- cross-posted to:
- [email protected]
- cross-posted to:
- [email protected]
This article says some funny things:
While more advanced features will ultimately require an internet connection
Ok, then?
On-device processes could help eliminate certain controversies found with server-side AI tools. For example, these tools have been known to hallucinate, meaning they make up information confidently.
What? How would on-device processes have any effect on hallucination in LLMs?
Or are you trying to tell us that this article was written by an LLM and that the whole thing is a confidently made up hallucination?
That’s what they all say. But a lot of these so called AI features require power more than what a phone has. Offloading to a server is sometimes a must.
Quantised models can be surprisingly small. And if Apple aren’t targeting LLMs for local use, more specific/tailored models absolutely can run on device.
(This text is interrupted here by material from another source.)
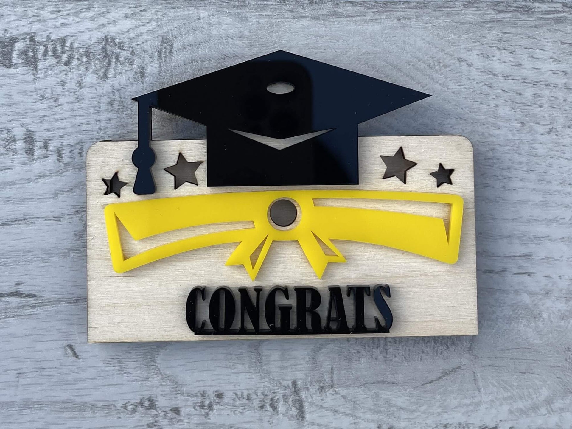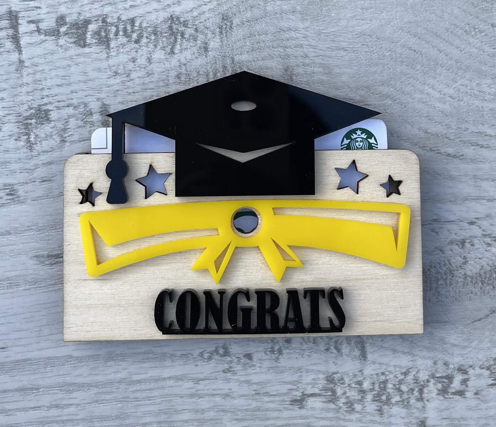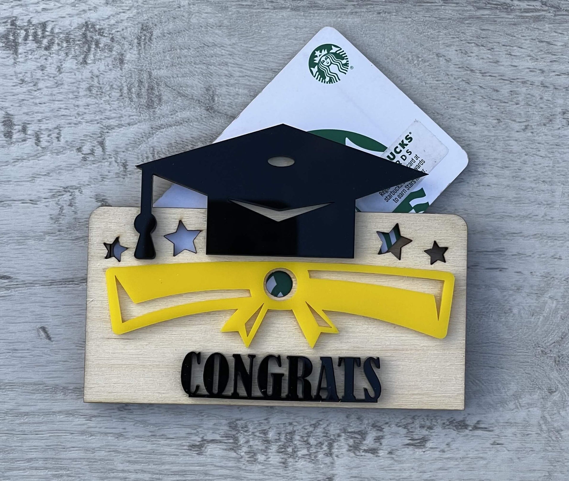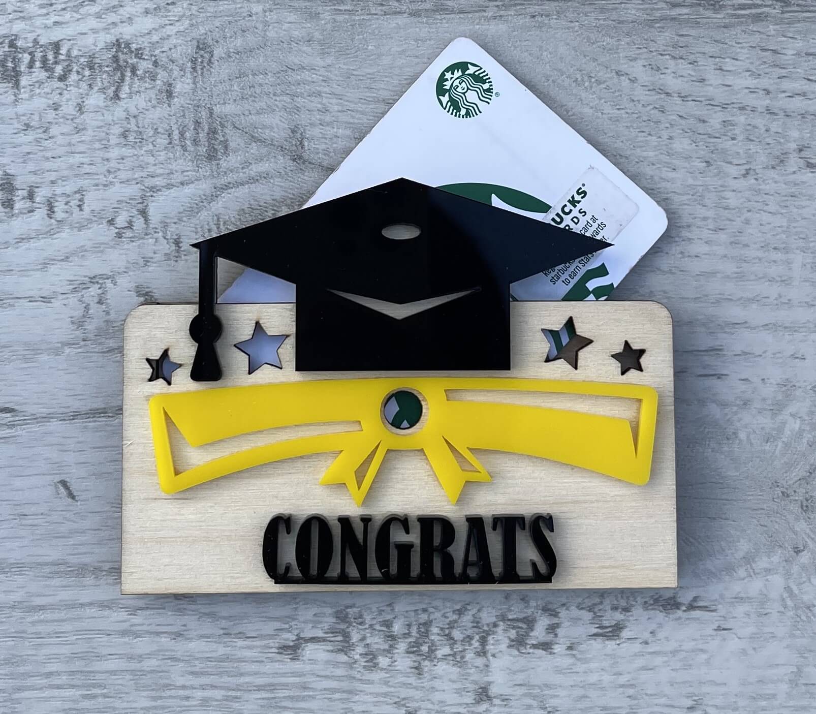Celebrate the graduating class of 2025 with a personalized card holder. Perfect for organizing and storing gift cards, this custom gift is a practical and thoughtful way to congratulate the graduate on their achievements. Honor their hard work and success with a unique and useful keepsake.

That said, given the precedent sent by Siri, their next progression of Siri into an LLM will absolutely require network connection and be executed server side.
Samsung’s version on One UI 6.1 lets you toggle between running the local models on the phone’s NPU versus connecting to their servers.
The local version is slightly slower and produces worse results, but can be used for privacy or without the internet. The remote version is what you’d expect.
The thing is, these AI features are just features already present in some way or another, just emphasizing content generation and slapping AI branding.
Sure if you’re running large models like gpt, smaller models tailored to specific use cases can absolutely run on phones. Whether or not they get there implementation down right is a different story though
So it will very slowly find some results on the web for you.
you’d be surprised how fast a model can be if you narrow the scope, quantize, and target specific hardware, like the AI hardware features they’re announcing.
not a 1-1, but a quantized Mistral 7B runs at ~35 tokens/sec on my M2. that’s not even as optimized as it could be. it can write simple scripts and do some decent writing prompts.
they could get really narrow in scope (super simple RAG, limited responses, etc), quantize down to even something like 4 bit, and run it on custom accelerated hardware. it doesn’t have to reproduce Shakespeare, but i can imagine a PoC that runs circles around Siri in semantic understanding and generated responses. being able to reach out on Slack to the engineers that built the NPU stack ain’t bad neither.
Isn’t Siri server-side now?
Siri was originally in the cloud, but Apple has been trying to handle more Siri requests locally so that requests can be handled faster and without internet access.
Hopefully Apple will bump up the memory and storage because of this, it’s long overdue.